Broadcast from Ghana to Greece, and from the Sudan to Singapore, Lucy has been translated into Italian, Japanese, Portuguese, and Spanish and subtitled in several other languages. In the United States, it still ranks among the 10 most popular daytime programs for female viewers aged 18 to 54.
Ken Ross, vice president and general manager of CBS Video, CBS Enterprises (a division of CBS, Inc., which owns I Love Lucy), says, “In terms of an evergreen product, Lucy is the most brilliant jewel in the company’s vaults.”
Ross, who several years ago discovered the lost Christmas episode and the pilot, and who repackaged them as highly rated prime-time CBS specials, says, “Lucy is a timeless comedy, broad in its demographic appeal. All ages love it because of the wholesomeness of its humor. It crosses all boundaries. Lucille Ball will go on forever.”
Ross notes that the show is especially durable. “Lucy has a unique repeatability factor,” Ross says, that allows people to see the same episodes over and over and not tire of them. I attribute that to the visual-ness of Ball — her expressions, the program’s slapstick and its vaudevillian quality. The chemistry was incredible. The plots were wacky. The performances were great.”
Dennis K. Gillespie, who serves as Viacom Enterprises’ president of worldwide marketing, domestic features, and off-network sales, says, “Lucy has been a long selling, absolutely recyclable and hugely successful syndicated show. There isn’t another program in television syndication that has the same kind of station loyalty.”

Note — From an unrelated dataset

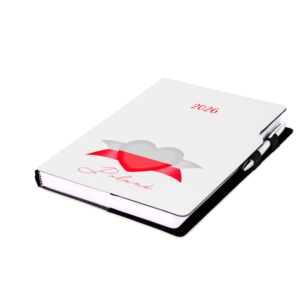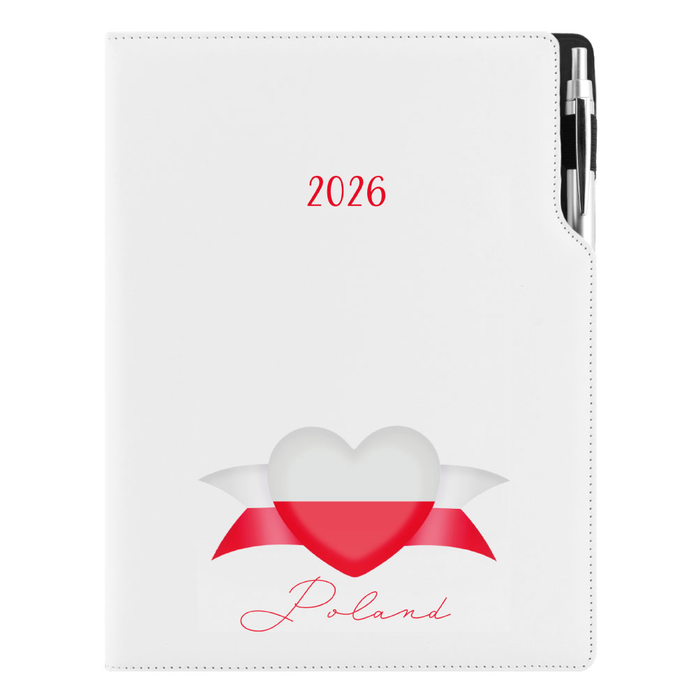 Diár DESIGN denný A4 2026 poľský - biela - Poľsko - vlajka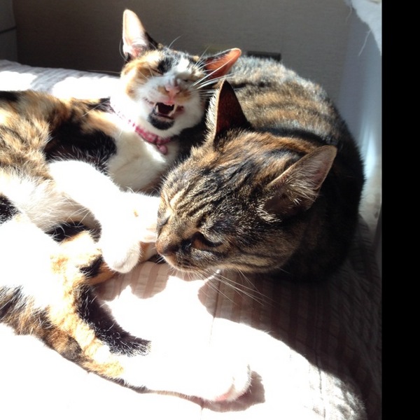日向ぼっこ中のうちのネコ、くー(キジ)&梅子(三毛)。この光景をずっとずっと守りたいと思いました。

Noting that Viacom has licensed Lucy since 1971 (when the company was spun off from CBS to comply with government regulations), Gillespie says that over several licensing cycles of five or six years, hardly any stations have not gone out of their way to re-license Lucy. Some stations are directly identified with Lucy, and the show is part of the persona of the station itself. The Lucy phenomenon is that it is a piece of the general way in which viewers think about a television station. It operates as a kind of cornerstone for its day-part over a long stretch of time.”
Gillespie emphasizes that Lucy's audience reflects a broad spectrum of viewers: “Lucy's ratings have always been strong, and they continue to be virtually unchanged. It is one of those shows that becomes a part of people’s and families’ lives. Its success is constant. These are people who have grown up with Lucy and have seen episodes maybe 10 or 15 times. Also, there are people who weren’t even born when the original shows aired and who stumble across an episode and say, ‘Hey, this show is terrific.’ Its audience continues to be regenerated all the time. Lucy defines the term sitcom.”
Why is I Love Lucy such a success? Says Gillespie, “The reason is very simple, and it’s a two-word reason: It’s funny.”